Developer Guide

Spark engine image consists of the following main parts:

Spark application - the engine itself
ODF adapter - RPC server used to communicate with the engine
Apache Livy - HTTP gateway for Spark used by Jupyter Notebook integration

Submodules

This repo includes submodules.

When cloning use:

git clone --recurse-submodules https://github.com/kamu-data/kamu-engine-spark.git

If you forgot to do so you can pull them later with:

git submodule update --init

Build dependencies

You will need:

docker
rust toolchain (see kamu-cli dev guide)
Java/Scala toolchain

To install Java & Scala we recommend using SdkMan.

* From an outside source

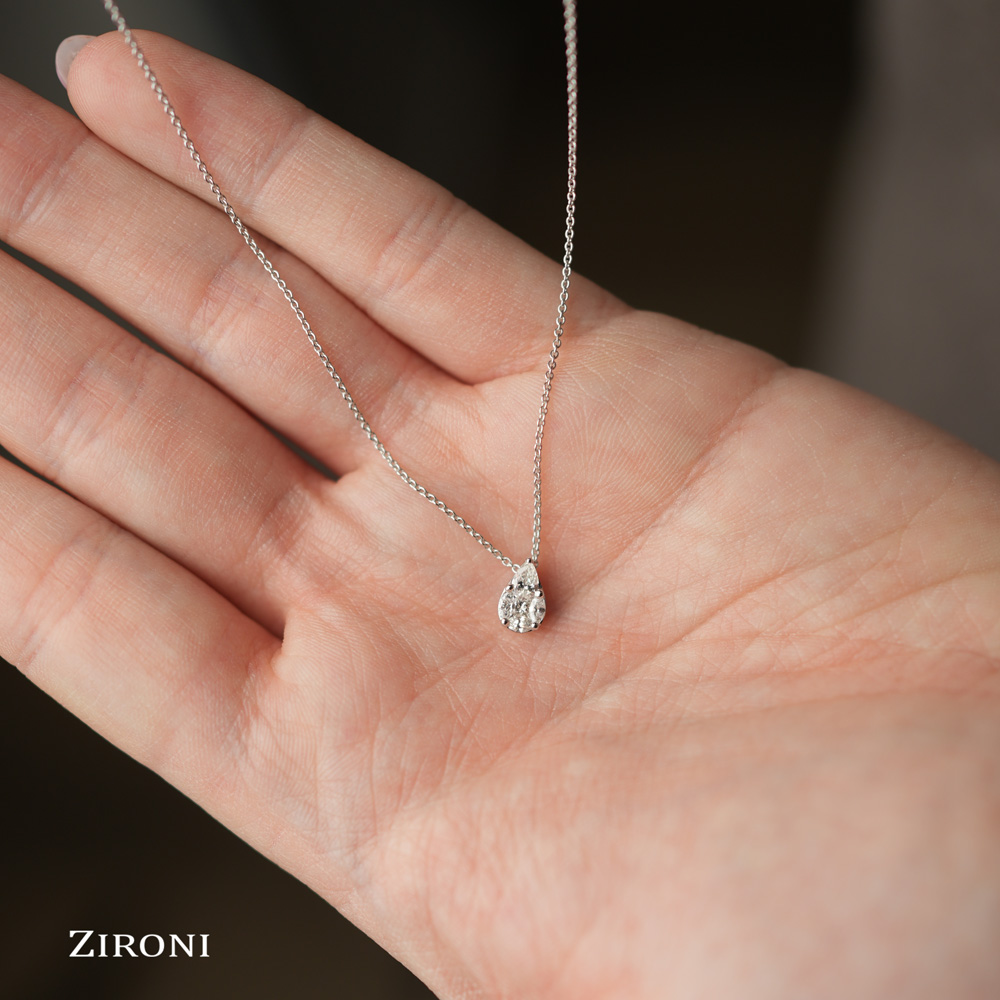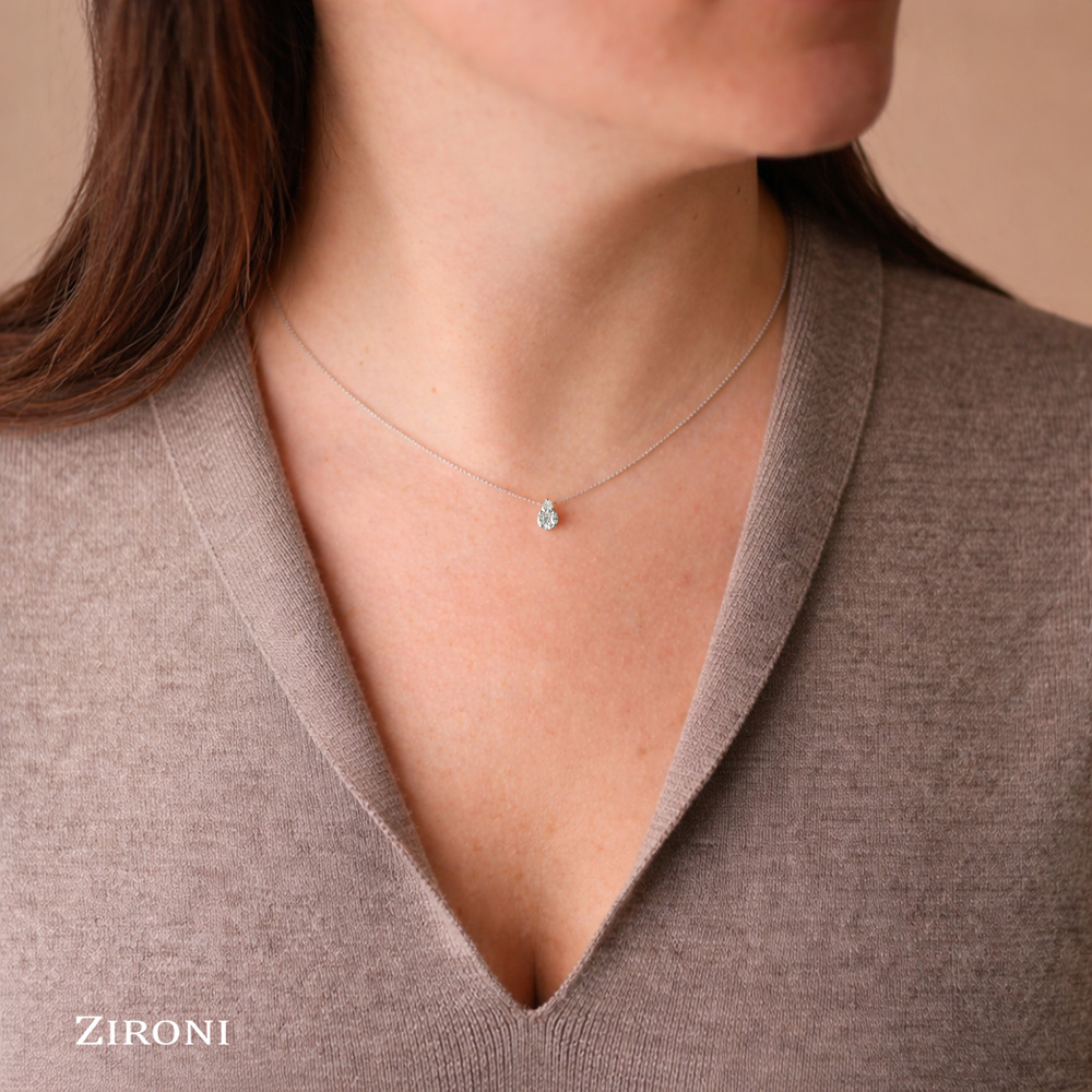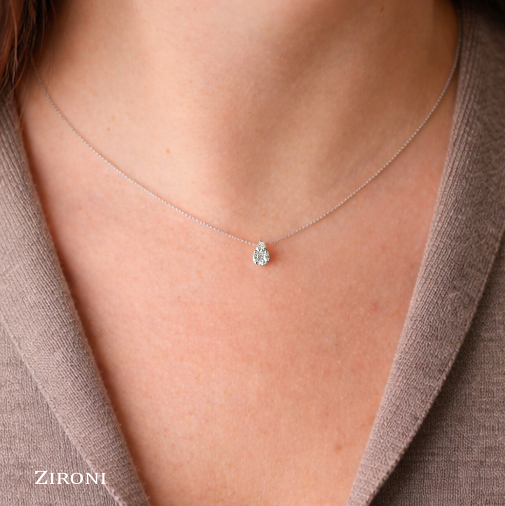 Girocollo in oro bianco 18K e pendente con diamante taglio goccia (0,12 ct), 3 diamanti taglio navette (0,10 ct) e diamante taglio princesse (0,06 ct) - caratura totale (0,28 ct - G - VS)

Install the tool itself and then you can use following versions of components:

sdk use java  17.0.10-oracle
sdk use maven 3.9.6
sdk use sbt   1.9.8
sdk use scala 2.12.18

Once installed, you can configure IntelliJ IDEA to use this runtime and tools and open the directory as an SBT project.

Building ODF Adapter

ODF adapter is a rust application - to build it follow the same approach as for kamu-cli.

Building Apache Livy

Livy, unfortunately, has to be built from a fork. Follow the instructions here and then place the final artifact under /image/apache-livy-{version}-bin.zip.

Luckily, this is needed to be done once and having to rebuild it is very rare.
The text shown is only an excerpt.